__WHAT YOU NEED TO DO__
Only the stretch below from the line holding "The Barrow of" through the line holding "The BT-Pro™ is" should be restated, word for word and with both ends included; pictures stay out.

[Records drawn from a dataset]
Segment Open
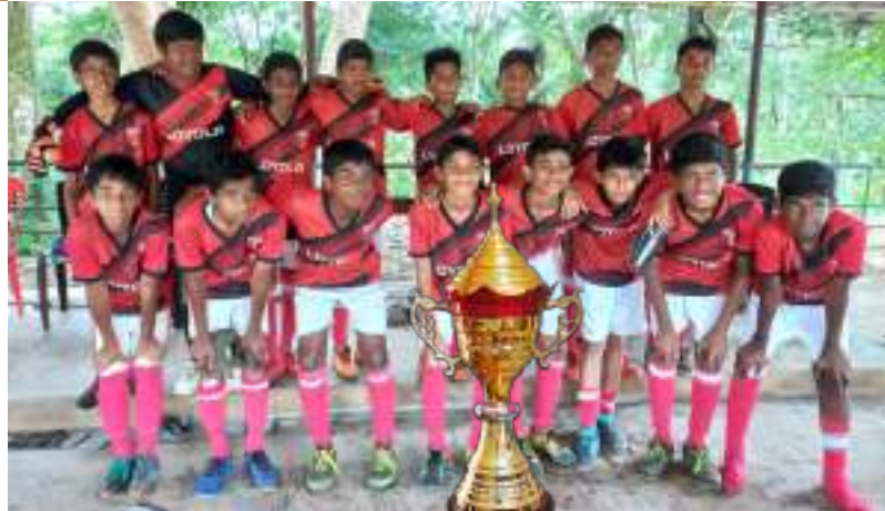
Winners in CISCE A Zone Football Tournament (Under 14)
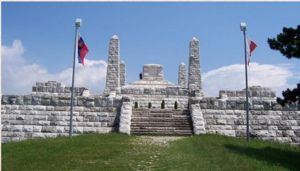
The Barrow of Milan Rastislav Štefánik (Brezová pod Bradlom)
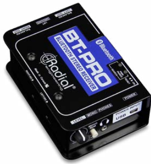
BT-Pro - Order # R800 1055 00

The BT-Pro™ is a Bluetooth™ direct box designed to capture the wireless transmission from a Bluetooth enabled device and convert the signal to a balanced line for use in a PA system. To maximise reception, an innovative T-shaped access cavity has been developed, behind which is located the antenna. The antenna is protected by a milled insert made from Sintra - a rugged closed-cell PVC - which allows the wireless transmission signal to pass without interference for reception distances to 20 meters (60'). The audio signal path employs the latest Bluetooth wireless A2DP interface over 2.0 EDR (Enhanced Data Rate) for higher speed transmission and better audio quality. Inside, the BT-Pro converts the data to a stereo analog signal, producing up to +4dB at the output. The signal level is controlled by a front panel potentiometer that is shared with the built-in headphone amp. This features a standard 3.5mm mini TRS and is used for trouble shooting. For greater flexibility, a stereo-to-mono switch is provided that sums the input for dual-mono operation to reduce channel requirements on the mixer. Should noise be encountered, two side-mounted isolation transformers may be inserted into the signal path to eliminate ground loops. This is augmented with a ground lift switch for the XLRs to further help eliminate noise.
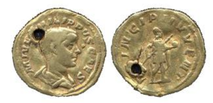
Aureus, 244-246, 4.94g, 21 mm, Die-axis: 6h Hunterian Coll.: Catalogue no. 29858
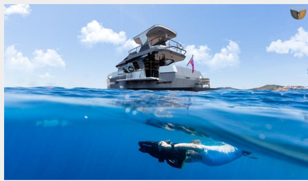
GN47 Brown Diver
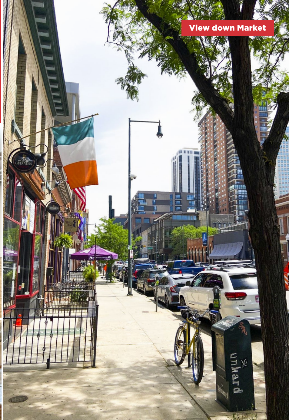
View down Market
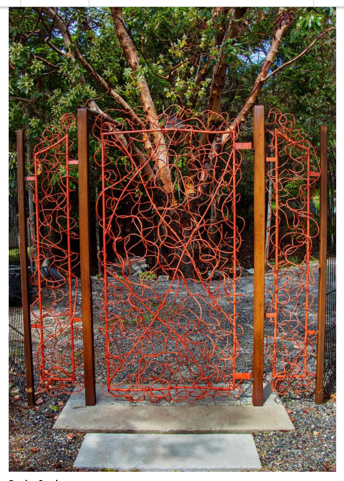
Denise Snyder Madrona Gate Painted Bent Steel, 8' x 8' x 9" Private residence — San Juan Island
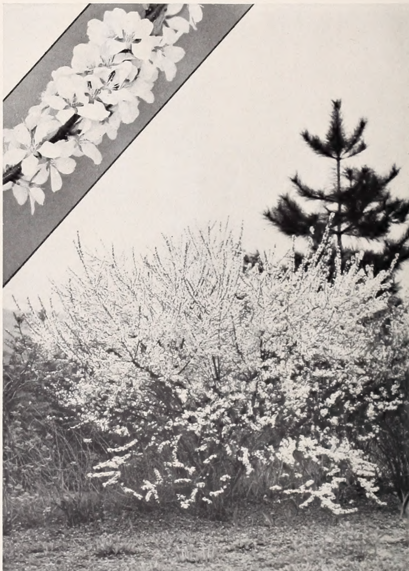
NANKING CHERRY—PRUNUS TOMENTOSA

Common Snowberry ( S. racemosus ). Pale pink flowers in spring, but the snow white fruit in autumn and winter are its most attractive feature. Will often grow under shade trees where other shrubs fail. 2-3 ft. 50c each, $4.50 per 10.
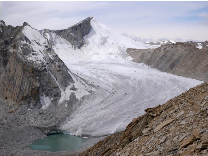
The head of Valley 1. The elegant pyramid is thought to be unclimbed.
Segment Closed
__TASK ANSWER__
The Barrow of Milan Rastislav Štefánik (Brezová pod Bradlom)
BT-Pro - Order # R800 1055 00

The BT-Pro™ is a Bluetooth™ direct box designed to capture the wireless transmission from a Bluetooth enabled device and convert the signal to a balanced line for use in a PA system. To maximise reception, an innovative T-shaped access cavity has been developed, behind which is located the antenna. The antenna is protected by a milled insert made from Sintra - a rugged closed-cell PVC - which allows the wireless transmission signal to pass without interference for reception distances to 20 meters (60'). The audio signal path employs the latest Bluetooth wireless A2DP interface over 2.0 EDR (Enhanced Data Rate) for higher speed transmission and better audio quality. Inside, the BT-Pro converts the data to a stereo analog signal, producing up to +4dB at the output. The signal level is controlled by a front panel potentiometer that is shared with the built-in headphone amp. This features a standard 3.5mm mini TRS and is used for trouble shooting. For greater flexibility, a stereo-to-mono switch is provided that sums the input for dual-mono operation to reduce channel requirements on the mixer. Should noise be encountered, two side-mounted isolation transformers may be inserted into the signal path to eliminate ground loops. This is augmented with a ground lift switch for the XLRs to further help eliminate noise.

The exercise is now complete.